Date: Thursday 09 Apr 2020

Living standards to fall in worst slump since Great Depression - IMF chief

(Sharecast News) - Living standards will fall in more than 170 countries in 2020 as the Covid-19 crisis causes the worst economic downturn since the Great Depression, the head of the International Monetary Fund warned.
Kristalina Georgieva, the IMF's managing director, said the coronavirus emergency was a "crisis like no other" in its speed and severity and that the IMF was prepared to lend $1tn (£805bn) to support governments.

With government's, including the UK's, weighing how long to maintain lockdowns she called on countries to vanquish the virus before relaxing rules to get economies moving.

Three months ago the IMF expended income per head to rise in 2020 in more than 160 of 189 member countries.

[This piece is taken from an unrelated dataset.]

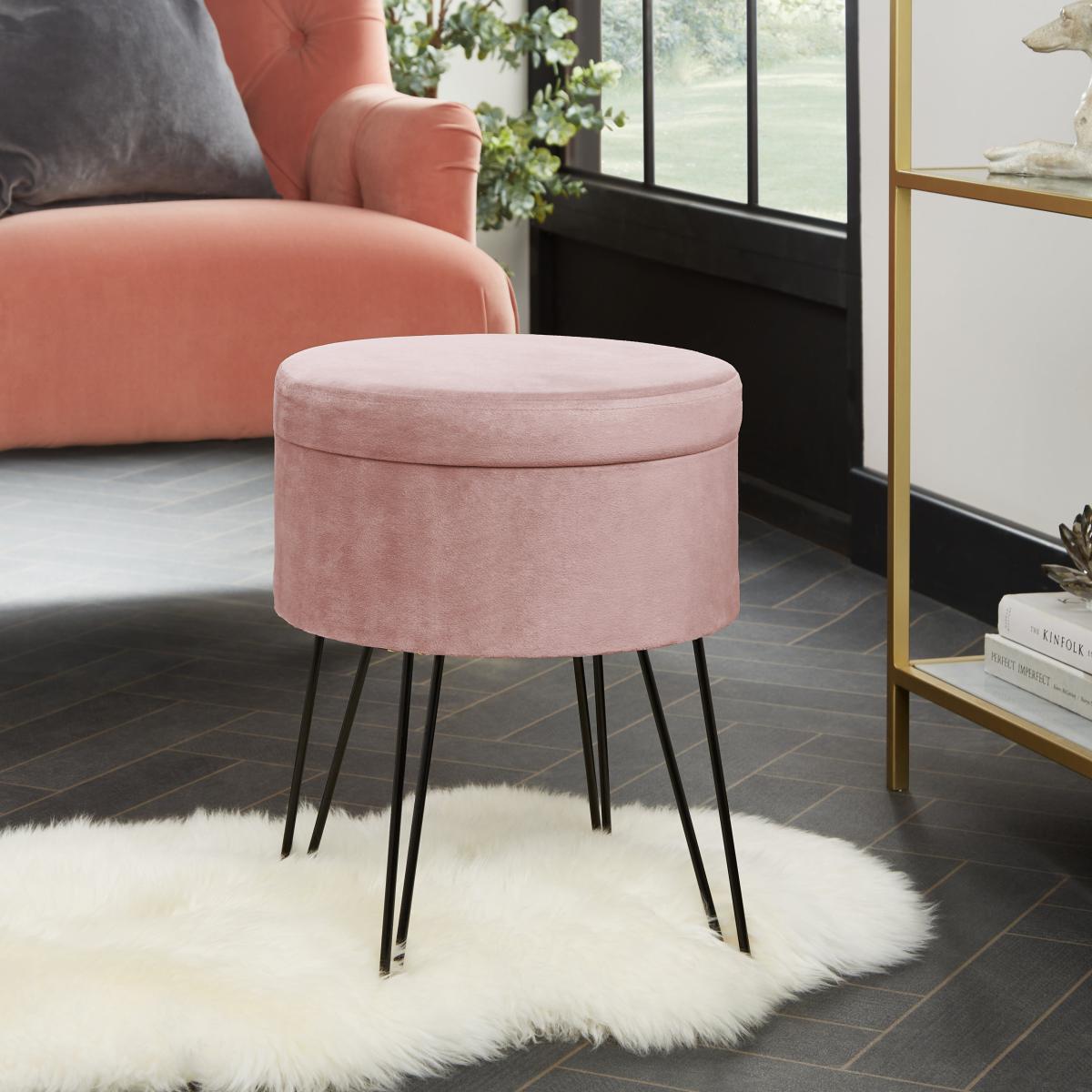 I love the Joanna storage stool in blush for its versatile and understated elegance. Its soft colour makes it easy to incorporate into both contemporary and vintage-inspired interiors, adding a subtle touch of colour without overwhelming the space. It works particularly well in bedrooms as a chic extra seat or as a stylish bedside table with hidden storage. For practical styling, position it next to a cosy armchair or at the foot of a bed, and layer with textured cushions or throws to create a welcoming nook. Its slender, hairpin legs give it a minimalist feel that can elevate modern interiors, but it also pairs beautifully with more classic or retro schemes when matched with brass or smoked glass accents.

Now it expects living standards to drop in more than 170 countries as a direct result of the crisis.

"Covid-19 has disrupted our social and economic order at lightning speed and on a scale that we have not seen in living memory," Georgieva said in a speech at the start of the IMF's spring meetings.

"The virus is causing tragic loss of life, and the lockdown needed to fight it has affected billions of people. We anticipate the worst economic fallout since the Great Depression."

Georgieva praised the response of governments, which have announced fiscal support measures worth about $8trn. If the pandemic fades in the second half of the year there will be a partial recovery in 2021 but things could get much worse, she said.

In an apparent rebuke to commentators saying defeating the virus was more damaging than keeping economies working, she said there was no trade-off between saving lives and preserving livelihoods.

"Given this is a pandemic crisis, defeating the virus and defending people's health are necessary for economic recovery," she said.

Governments should spend on health while shielding people and businesses from economic damage using direct funding and the tax system, Georgieva said. Central bank support will provide relief for financial systems and boost confidence, she said. When the recovery starts governments and central banks should be ready with further measures to support growth, she added.

Georgieva said the IMF had $1trn to lend to governments and that it had received more than 90 requests for emergency funding. The IMF is looking at other ways to support countries with existing high debt and is calling for a standstill on debt payments for the poorest countries.

She said the crisis would hurt developed and developing economies but that vulnerable countries would be hit hardest. Low-income nations in Africa, Latin America and much of Asia have weak health systems and densely populated cities, exposing them to demand and supply shocks and potential debt crises.

Emerging markets are suffering investment outflows and falling prices are also hitting exporters of commodities. Remittances from developed nations are expected to dwindle, Georgieva said.